==== LISTED ENTRIES ====

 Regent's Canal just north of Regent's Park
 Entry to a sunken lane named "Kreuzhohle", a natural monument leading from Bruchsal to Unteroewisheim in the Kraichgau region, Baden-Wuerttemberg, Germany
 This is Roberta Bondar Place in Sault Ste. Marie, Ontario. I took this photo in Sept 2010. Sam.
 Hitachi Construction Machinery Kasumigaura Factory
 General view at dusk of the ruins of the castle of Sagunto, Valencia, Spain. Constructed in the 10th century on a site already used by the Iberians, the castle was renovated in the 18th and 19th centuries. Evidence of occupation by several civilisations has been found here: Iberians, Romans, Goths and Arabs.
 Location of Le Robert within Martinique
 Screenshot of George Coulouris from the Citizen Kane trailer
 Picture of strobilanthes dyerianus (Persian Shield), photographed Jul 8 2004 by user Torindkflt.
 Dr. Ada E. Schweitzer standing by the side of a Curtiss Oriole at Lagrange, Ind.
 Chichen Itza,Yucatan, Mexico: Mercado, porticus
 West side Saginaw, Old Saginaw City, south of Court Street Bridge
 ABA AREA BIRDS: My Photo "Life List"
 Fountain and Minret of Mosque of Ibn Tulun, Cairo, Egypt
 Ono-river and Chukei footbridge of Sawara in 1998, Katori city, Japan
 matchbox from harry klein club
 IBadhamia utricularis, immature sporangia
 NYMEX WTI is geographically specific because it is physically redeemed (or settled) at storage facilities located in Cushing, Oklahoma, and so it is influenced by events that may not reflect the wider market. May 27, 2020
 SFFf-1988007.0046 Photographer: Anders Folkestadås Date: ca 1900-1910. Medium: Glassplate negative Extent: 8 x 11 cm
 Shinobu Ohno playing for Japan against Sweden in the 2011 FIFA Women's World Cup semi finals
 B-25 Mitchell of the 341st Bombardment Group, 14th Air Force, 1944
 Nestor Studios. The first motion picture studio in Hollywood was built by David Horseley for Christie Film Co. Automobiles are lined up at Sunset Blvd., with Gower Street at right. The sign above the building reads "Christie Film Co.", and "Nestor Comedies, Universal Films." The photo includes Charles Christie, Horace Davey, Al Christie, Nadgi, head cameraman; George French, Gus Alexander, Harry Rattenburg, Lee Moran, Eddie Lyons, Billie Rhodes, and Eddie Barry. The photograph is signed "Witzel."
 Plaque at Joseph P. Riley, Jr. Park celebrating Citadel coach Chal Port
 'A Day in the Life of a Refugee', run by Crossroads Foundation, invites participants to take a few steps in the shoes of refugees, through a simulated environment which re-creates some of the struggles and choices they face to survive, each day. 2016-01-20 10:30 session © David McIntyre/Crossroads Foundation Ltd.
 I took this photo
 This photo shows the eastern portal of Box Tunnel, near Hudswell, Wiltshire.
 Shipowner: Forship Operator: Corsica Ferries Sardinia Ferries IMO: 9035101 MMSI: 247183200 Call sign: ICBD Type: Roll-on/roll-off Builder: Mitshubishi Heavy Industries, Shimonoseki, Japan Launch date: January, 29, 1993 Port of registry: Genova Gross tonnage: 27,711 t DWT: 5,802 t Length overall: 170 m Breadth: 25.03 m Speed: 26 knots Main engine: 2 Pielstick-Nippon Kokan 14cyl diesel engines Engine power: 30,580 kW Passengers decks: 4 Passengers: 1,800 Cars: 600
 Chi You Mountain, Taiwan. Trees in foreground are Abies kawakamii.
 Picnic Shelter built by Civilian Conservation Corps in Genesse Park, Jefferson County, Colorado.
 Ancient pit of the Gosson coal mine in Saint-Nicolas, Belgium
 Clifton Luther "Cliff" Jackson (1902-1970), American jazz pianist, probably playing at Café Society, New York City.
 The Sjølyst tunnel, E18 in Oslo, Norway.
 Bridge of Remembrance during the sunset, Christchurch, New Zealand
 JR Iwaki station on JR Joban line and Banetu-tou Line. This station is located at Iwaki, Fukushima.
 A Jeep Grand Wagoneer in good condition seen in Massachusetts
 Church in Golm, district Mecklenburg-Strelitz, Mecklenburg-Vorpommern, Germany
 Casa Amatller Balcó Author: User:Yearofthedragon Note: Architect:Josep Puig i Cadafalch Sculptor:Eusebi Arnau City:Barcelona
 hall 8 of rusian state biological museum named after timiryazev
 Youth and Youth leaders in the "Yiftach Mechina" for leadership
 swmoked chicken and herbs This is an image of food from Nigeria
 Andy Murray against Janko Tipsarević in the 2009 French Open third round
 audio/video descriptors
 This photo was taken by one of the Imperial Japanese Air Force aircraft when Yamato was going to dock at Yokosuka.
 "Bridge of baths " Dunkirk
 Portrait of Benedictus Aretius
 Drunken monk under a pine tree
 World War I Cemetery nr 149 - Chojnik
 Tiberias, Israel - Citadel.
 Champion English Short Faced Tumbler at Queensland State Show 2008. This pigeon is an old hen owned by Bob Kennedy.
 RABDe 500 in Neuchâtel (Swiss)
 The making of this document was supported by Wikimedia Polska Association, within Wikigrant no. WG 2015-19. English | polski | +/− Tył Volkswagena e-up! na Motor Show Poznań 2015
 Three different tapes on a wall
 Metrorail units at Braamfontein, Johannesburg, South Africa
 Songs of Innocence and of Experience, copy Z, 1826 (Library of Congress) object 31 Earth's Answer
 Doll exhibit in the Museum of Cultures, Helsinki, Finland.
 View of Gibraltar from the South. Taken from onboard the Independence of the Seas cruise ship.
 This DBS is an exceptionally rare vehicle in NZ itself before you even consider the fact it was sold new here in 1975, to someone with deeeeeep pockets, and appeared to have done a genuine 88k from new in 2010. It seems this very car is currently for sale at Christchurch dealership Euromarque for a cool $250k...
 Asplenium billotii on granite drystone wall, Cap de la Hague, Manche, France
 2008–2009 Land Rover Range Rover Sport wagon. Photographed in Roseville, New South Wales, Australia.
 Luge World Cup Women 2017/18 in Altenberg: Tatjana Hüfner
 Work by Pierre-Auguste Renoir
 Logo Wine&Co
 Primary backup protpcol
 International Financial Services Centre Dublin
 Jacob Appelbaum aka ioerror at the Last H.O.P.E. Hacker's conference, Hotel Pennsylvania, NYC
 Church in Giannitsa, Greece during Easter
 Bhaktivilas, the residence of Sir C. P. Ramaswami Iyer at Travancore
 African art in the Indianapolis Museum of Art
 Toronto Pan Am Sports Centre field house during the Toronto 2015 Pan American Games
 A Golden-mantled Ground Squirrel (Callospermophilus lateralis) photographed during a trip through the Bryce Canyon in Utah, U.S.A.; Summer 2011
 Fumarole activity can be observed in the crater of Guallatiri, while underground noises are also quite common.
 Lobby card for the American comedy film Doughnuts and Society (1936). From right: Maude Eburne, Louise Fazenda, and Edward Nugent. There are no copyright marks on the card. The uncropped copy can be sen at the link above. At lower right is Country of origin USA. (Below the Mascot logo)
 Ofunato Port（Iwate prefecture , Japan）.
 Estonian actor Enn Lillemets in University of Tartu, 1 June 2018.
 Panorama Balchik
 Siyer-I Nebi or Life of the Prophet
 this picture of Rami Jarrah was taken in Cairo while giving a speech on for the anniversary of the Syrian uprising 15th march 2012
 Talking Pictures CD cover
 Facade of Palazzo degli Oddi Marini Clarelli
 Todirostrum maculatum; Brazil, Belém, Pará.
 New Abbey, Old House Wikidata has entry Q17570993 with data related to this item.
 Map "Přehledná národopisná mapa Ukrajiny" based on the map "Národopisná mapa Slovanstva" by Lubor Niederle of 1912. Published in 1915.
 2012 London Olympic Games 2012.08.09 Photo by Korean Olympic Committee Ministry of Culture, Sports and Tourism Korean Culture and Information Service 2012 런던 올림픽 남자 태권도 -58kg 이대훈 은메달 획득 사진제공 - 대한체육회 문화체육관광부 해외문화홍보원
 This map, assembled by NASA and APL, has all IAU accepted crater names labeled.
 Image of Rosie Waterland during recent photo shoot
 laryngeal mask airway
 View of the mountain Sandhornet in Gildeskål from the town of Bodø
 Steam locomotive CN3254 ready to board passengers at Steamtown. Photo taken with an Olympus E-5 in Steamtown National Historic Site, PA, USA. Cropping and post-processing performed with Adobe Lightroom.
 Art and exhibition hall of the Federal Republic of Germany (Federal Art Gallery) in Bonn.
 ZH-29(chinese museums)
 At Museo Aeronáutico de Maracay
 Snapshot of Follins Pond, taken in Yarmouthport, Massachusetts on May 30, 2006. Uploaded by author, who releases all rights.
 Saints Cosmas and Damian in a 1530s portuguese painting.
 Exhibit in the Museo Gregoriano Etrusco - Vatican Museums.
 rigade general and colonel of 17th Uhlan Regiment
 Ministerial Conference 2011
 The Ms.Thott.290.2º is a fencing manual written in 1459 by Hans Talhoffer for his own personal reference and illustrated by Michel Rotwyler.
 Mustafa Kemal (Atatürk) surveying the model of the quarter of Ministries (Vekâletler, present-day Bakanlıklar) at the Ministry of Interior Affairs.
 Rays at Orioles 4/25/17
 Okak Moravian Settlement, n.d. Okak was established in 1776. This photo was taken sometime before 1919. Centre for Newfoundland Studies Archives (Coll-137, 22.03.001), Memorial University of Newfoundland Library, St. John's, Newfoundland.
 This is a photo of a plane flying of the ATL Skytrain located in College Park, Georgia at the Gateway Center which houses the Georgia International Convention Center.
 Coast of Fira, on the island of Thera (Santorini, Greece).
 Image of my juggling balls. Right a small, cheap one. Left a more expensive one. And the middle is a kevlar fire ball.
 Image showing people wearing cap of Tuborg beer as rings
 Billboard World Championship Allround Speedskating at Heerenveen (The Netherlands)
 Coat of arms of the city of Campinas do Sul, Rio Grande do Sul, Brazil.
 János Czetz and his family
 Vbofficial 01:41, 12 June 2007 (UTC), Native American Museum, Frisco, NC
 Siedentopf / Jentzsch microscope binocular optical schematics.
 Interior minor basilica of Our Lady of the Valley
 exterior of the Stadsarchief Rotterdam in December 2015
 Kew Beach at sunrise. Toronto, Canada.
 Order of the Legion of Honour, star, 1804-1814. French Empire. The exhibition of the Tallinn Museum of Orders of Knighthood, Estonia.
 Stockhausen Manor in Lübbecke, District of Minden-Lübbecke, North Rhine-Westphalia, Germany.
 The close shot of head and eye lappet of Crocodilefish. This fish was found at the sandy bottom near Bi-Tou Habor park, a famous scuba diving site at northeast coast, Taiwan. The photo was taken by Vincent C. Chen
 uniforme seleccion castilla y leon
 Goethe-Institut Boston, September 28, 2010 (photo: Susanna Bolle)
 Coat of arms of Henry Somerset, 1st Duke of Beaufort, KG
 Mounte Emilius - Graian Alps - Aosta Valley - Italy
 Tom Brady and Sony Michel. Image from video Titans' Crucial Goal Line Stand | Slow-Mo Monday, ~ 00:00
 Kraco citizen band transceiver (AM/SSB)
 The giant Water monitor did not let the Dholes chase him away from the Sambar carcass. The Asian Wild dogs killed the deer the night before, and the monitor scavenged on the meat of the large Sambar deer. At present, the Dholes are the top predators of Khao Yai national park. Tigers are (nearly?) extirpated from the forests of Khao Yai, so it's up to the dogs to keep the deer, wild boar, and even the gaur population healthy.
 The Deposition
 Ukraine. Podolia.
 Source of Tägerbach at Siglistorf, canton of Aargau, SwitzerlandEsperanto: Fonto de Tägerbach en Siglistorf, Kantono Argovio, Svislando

====

» WORK ORDER
Among the records above, a stretch begins at the line containing "Image of Rosie" and ends at the line containing "View of the". Restate that stretch word for word, and nothing else.

» SOLVED EXERCISE
 Image of Rosie Waterland during recent photo shoot
 laryngeal mask airway
 View of the mountain Sandhornet in Gildeskål from the town of Bodø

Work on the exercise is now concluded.